In California, employers may only withhold amounts from wages if state and/or federal laws allow deductions or if the worker expressly authorized the deduction in writing.
Below, we will cover some legal and illegal deductions that employers can make in from your salary. For example, there are limited exceptions to Labor Code 221 that allow employers to deduct costs such as health insurance.
Some of the reasons an employer can deduct from your wages are:
- Under California Industrial Welfare Commission Wage Order 9, a California employer may deduct uniform costs from an employee’s final salary if he or she fails to return the uniform to the company and the employee had a prior agreement in writing to do so.
- Although California employers may not accept tips from employees who serve as wait staff in a restaurant, the establishment may have a tip-sharing policy between employees who provide table service.
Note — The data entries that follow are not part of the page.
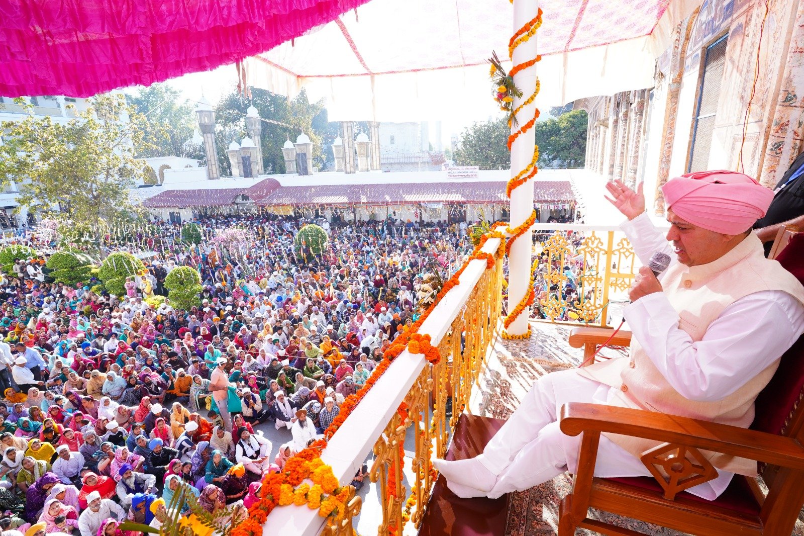 श्री महाराज जी ने संगतों को दर्शन दिए व आशीर्वाद दिया। श्री महाराज जी ने संगतों को आदर्श जीवन जीने के लिए गुरु की वाणी का अमृतपान करवाया। उन्होंने कहा कि किसी भी दृष्टि से गुरु महाराज को भजो, आपको उसका पुण्य अवश्य प्राप्त होगा। मानव जीवन में कर्म का बहुत महत्व है। मनुष्य की पहचान उसके कर्मों से होती है। उन्होंने जन्म-मृत्यु के बंधन से मुक्ति व मोक्ष के रहस्य का ज्ञान भी दिया। उन्होंने सुख शांति का संदेश एवम् गुरु मंत्र देते हुए गुरु महिमा के महत्व से आत्मसात करवाया।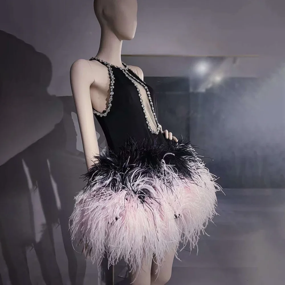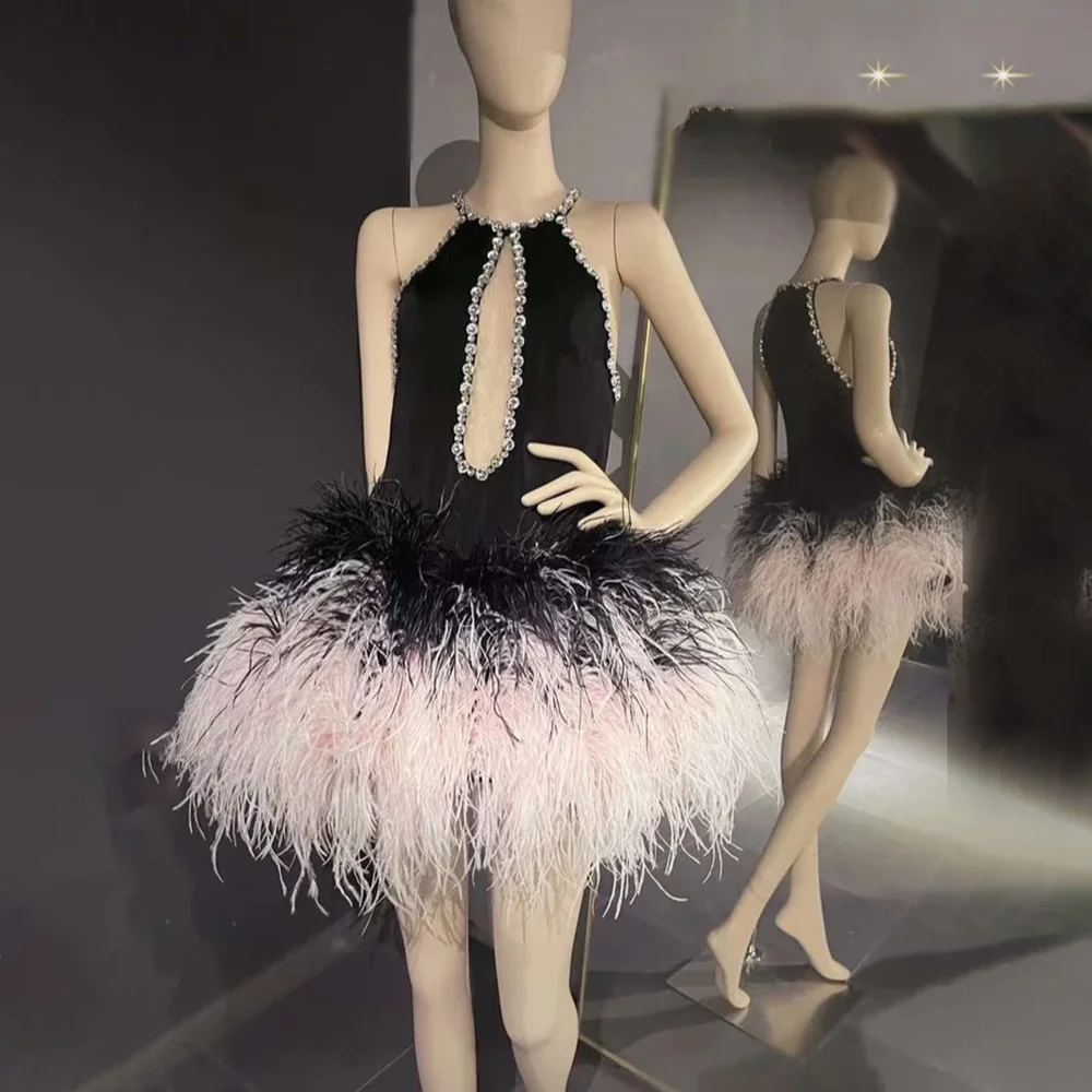 Luxury Crystal Tassel Mini Prom Dresses Fashion Halter Sleeveless Birthday Party Gowns Elegant Homecoming Cocktail Evening Dress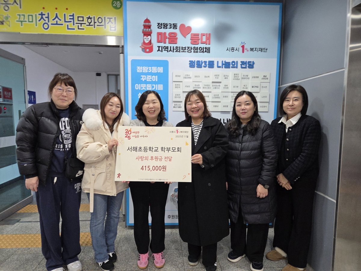 이번 기부는 지난 11월 1일 정왕3동 마을축제추진위원회 주관으로 열린 ‘놀통 페스티벌’에서 서해초등학교 학부모회가 ‘나누고 순환하는 즐거움’이라는 주제로 아나바다 장터 부스를 운영하며 조성한 수익금으로 마련됐다. 기탁된 수익금은 정왕3동 지역사회보장협의체를 통해 관내 취약계층 지원사업에 사용될 예정이다.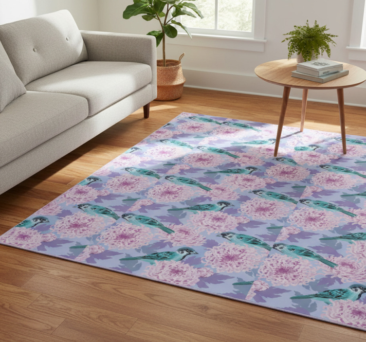 该设计展示了一种生动的图案,采用了青绿色调的风格化鸟类,背景为柔和的薰衣草色调。鸟类周围环绕着大型蓬松的花朵,呈现出细腻的粉色,创造出色彩和质感的和谐融合。整体美学活泼且视觉吸引人。

Among some of the prohibited deductions are:
- If a California employer requires employee photographs, the employer must pay the cost rather than deducting it from the employee’s wages.
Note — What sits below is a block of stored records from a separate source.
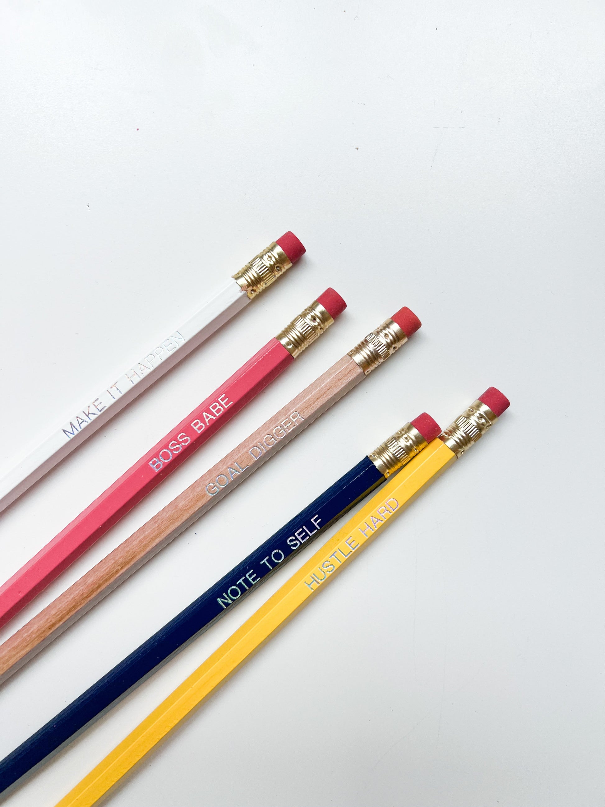 - 5 gold foiled imprinted hexagon HB #2 Pencils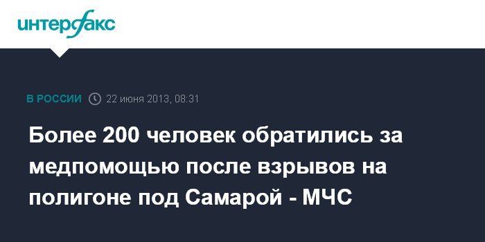 Москва. 22 июня. ИНТЕРФАКС - Медики оказали помощь более чем 200 обратившимся в связи с взрывами снарядов на полигоне в Самарской области, сообщает в субботу МЧС России.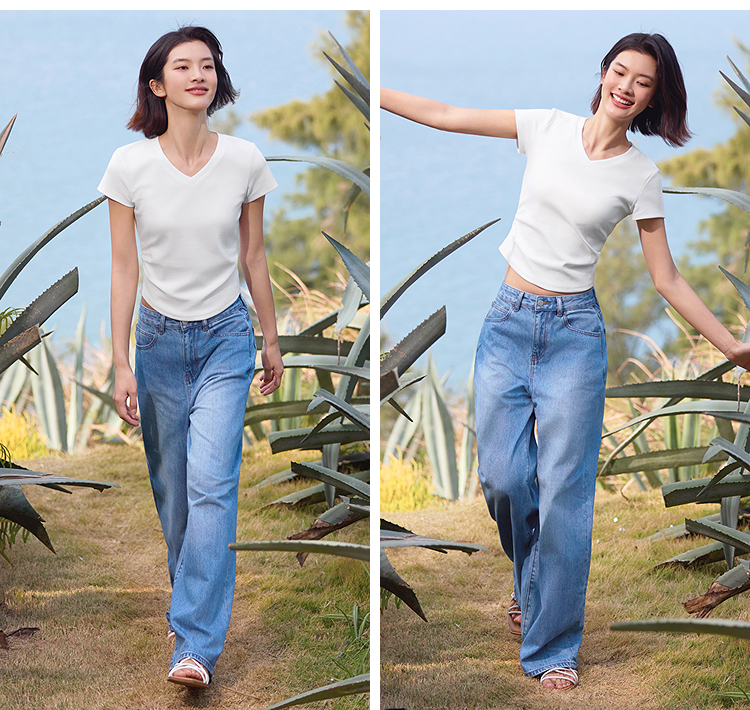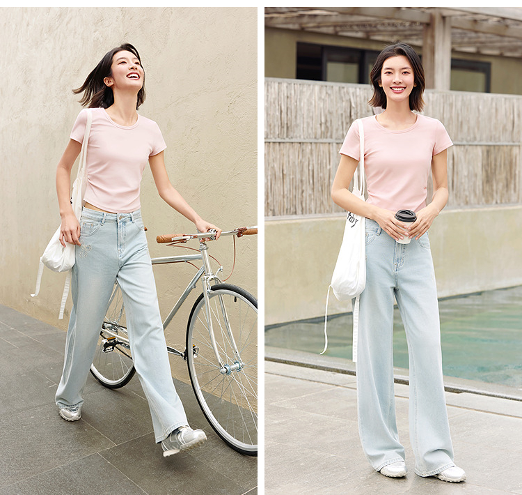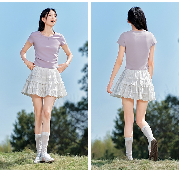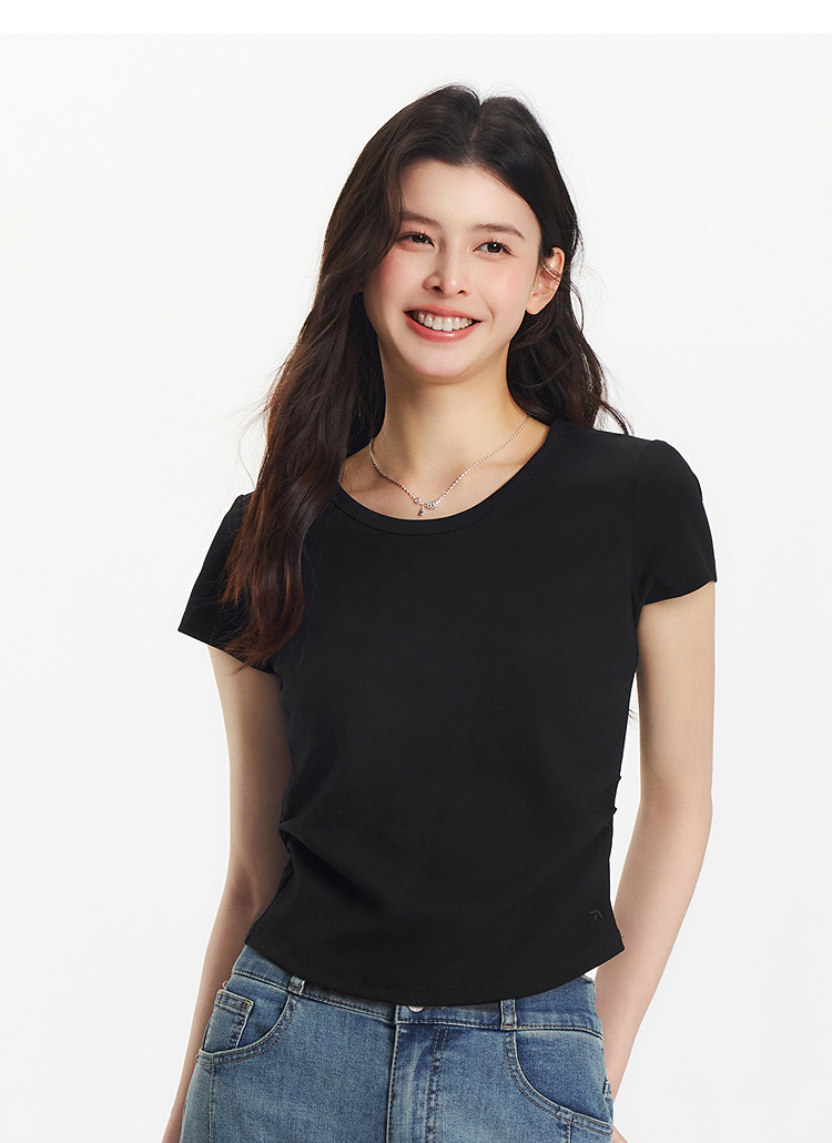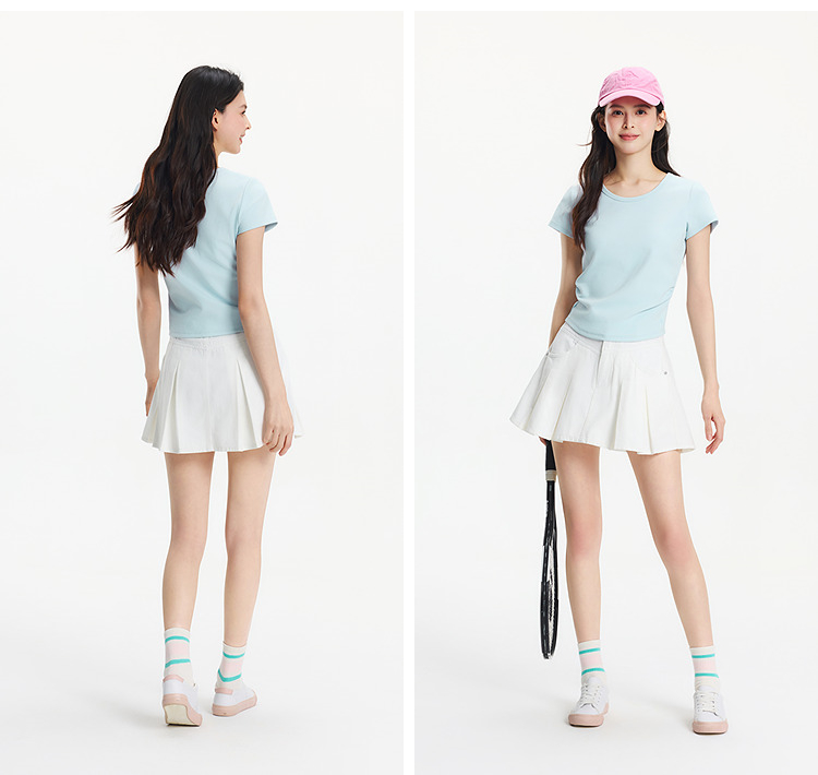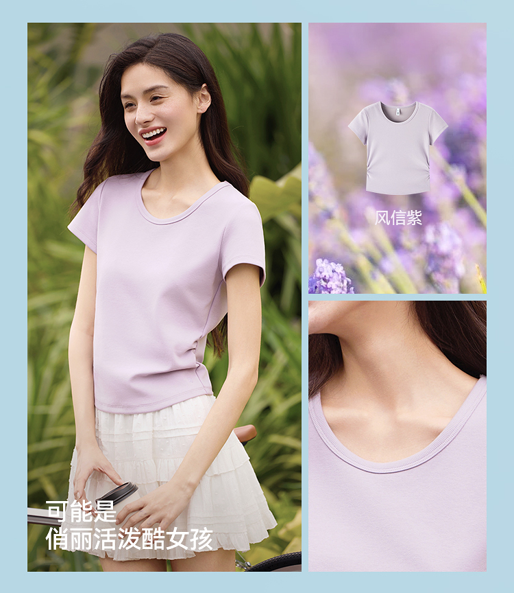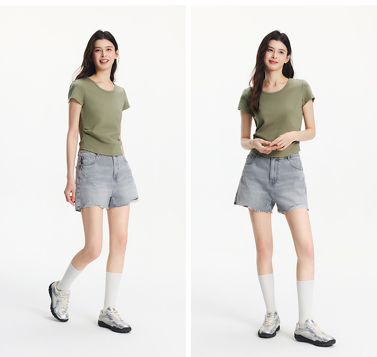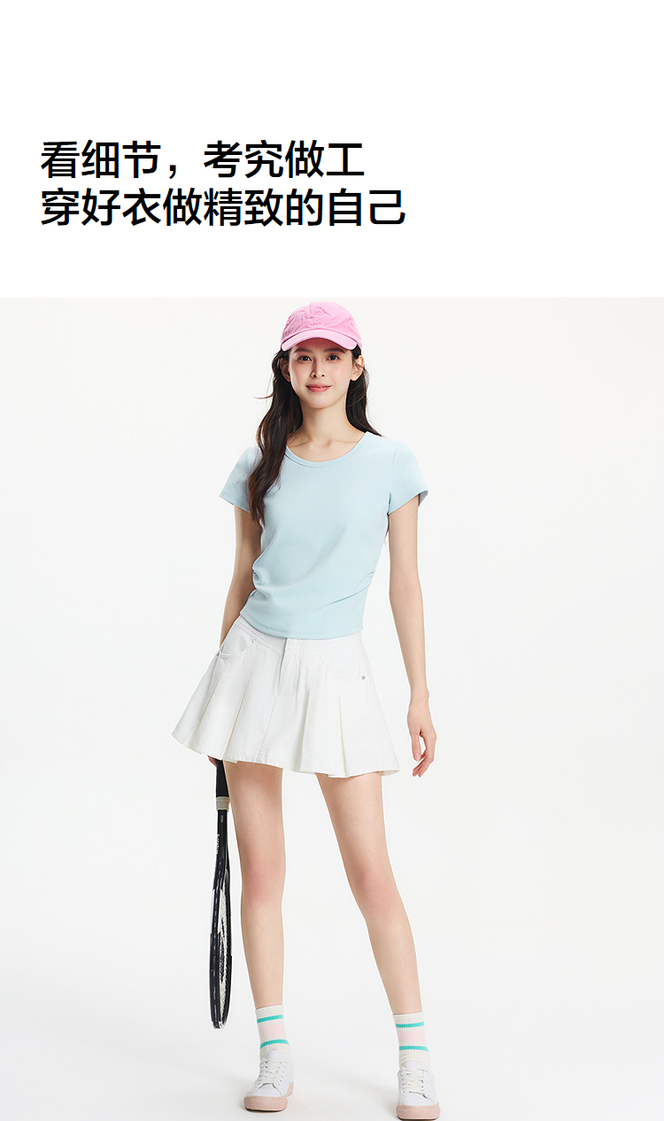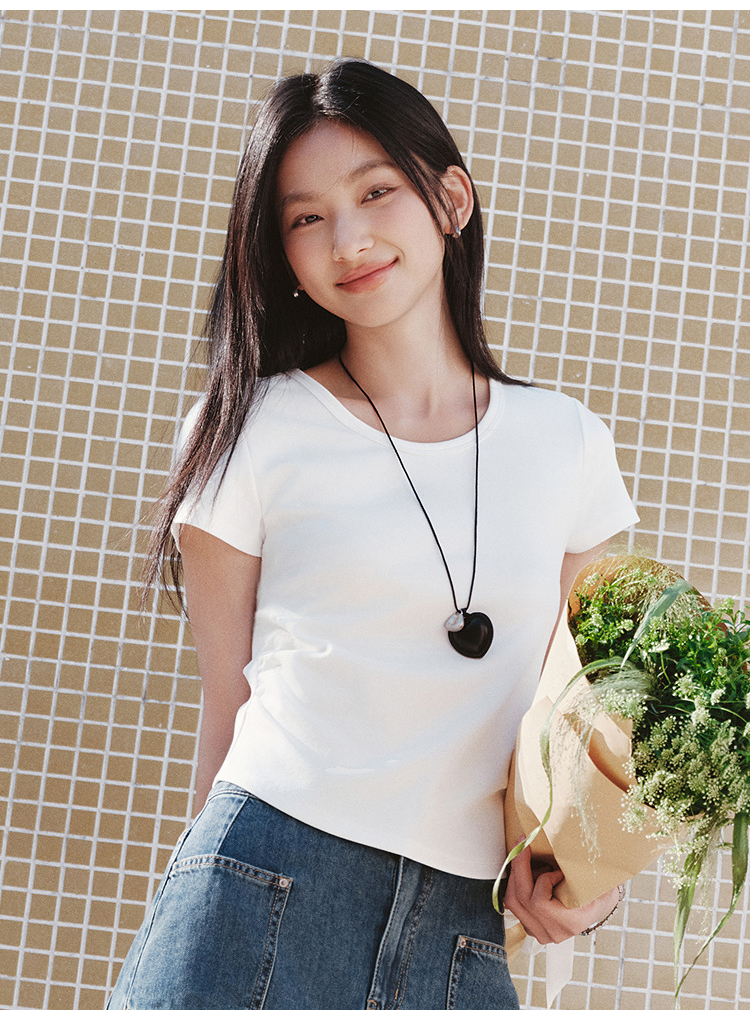 【爆品主推】凉感T|森马短袖T恤女短款修身正肩小心机2025夏新款绣花上衣百搭

- If an employee is legally required to have a pre-employment medical or physical exam, the employer cannot deduct this cost from the paycheck.
- Deductions from an employee’s salary due to equipment loss, equipment damage, and cash shortages are not allowed. However, the exception to this rule is when the employee’s gross negligence or an intentional dishonest act caused the loss to the employer.
If you suspect that your employer is illegally deducting from your salary, it is important to consult with an experienced wage and hour attorney to find out if you have a valid claim.